First time I see Lines X, seems nice.

> I would allow a bit more trial and error from the user instead of
> explanatory text.

The tutorial is something I play-tested a lot but with each iterations I've
heard different opinions about it. I tried to strike a balance between letting
the game explain itself and guiding the user trough text, but at the end of
today I don't think there's a bullet-proof solution. One thing that I noticed
is that a minimalistic approach like the one you suggested works well for: a.
People who already have ton of experience with puzzle games b. People who are
"really" intentioned to play the game In every other case, I was asked to add
more guidance trough text, animations or more steps.

If it was just for me, I would have definitely used an even more minimalistic
approach (which was the first iteration).

Onboarding is way more complex than I expected, and there's a ton to learn on
the topic!

Regarding the other suggestions:

1\. I haven't thought about that. That's a clever tip!

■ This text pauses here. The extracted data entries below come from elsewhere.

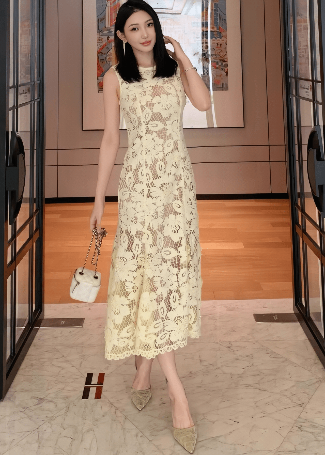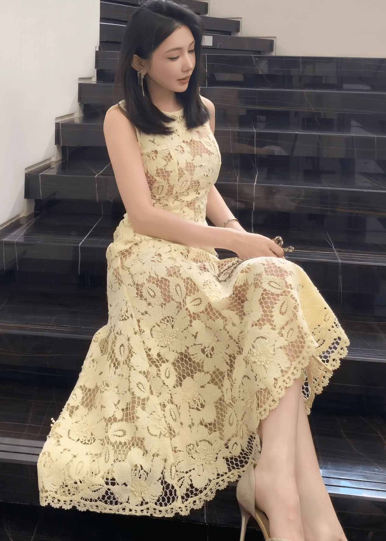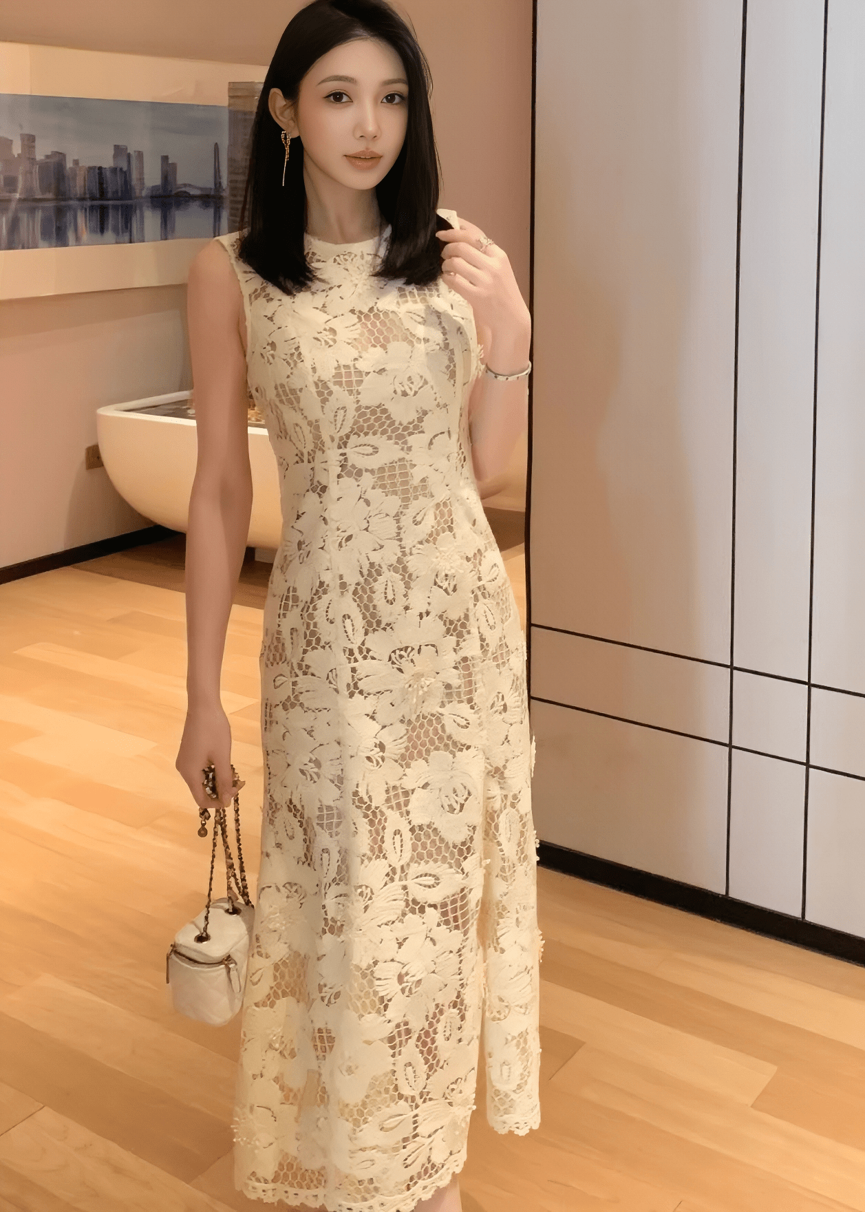 透明花朵蕾丝鱼尾裙
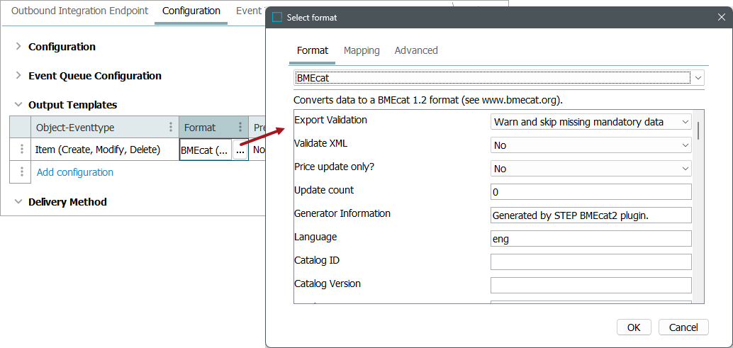 For more information on configuring eCatalogs for export via BMEcat, refer to the 'Configure an eCatalog Configuration for BMEcat' section of the Creating and Editing an eCatalog Configuration topic in the eCatalogs documentation.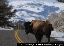 FILE - In this March 17,2011 file photo Bison roam out of the entrance to Yellowstone National Park in Gardiner, Mont. Montana is looking more and more to individual hunters to kill problem animals, including wolves that are well into their reproductive cycles and wild bison that roam beyond designated areas. One regulator says the proposed policies are unwittingly putting hunters in fix: Would they be participating in ethical hunts or would they be reduced to wildlife management mercenaries? (AP Photo/Janie Osborne,File)

2\. This is something I tried implementing, but it didn't match well the
minimalistic look (and the home screen UI) for my tastes... but I can
definitely see it being a nice addition. Do you have any suggestion on
how/where to "show" it?

3\. We think alike, don't we? This is also something I wanted to implemented
(e.g.: showing the list of available puzzles that could be picked). If I was
the player, I'd "like" something like that. The thing is, nobody ever asked
for it while/after playing. So I never implemented it. You're the first one to
actually give me this feedback.

4\. Gotcha. First time I get this feedback, but it does make sense to me.

Thanks again for the great feedback :)

------
hankstenberg
Awesome game. Love it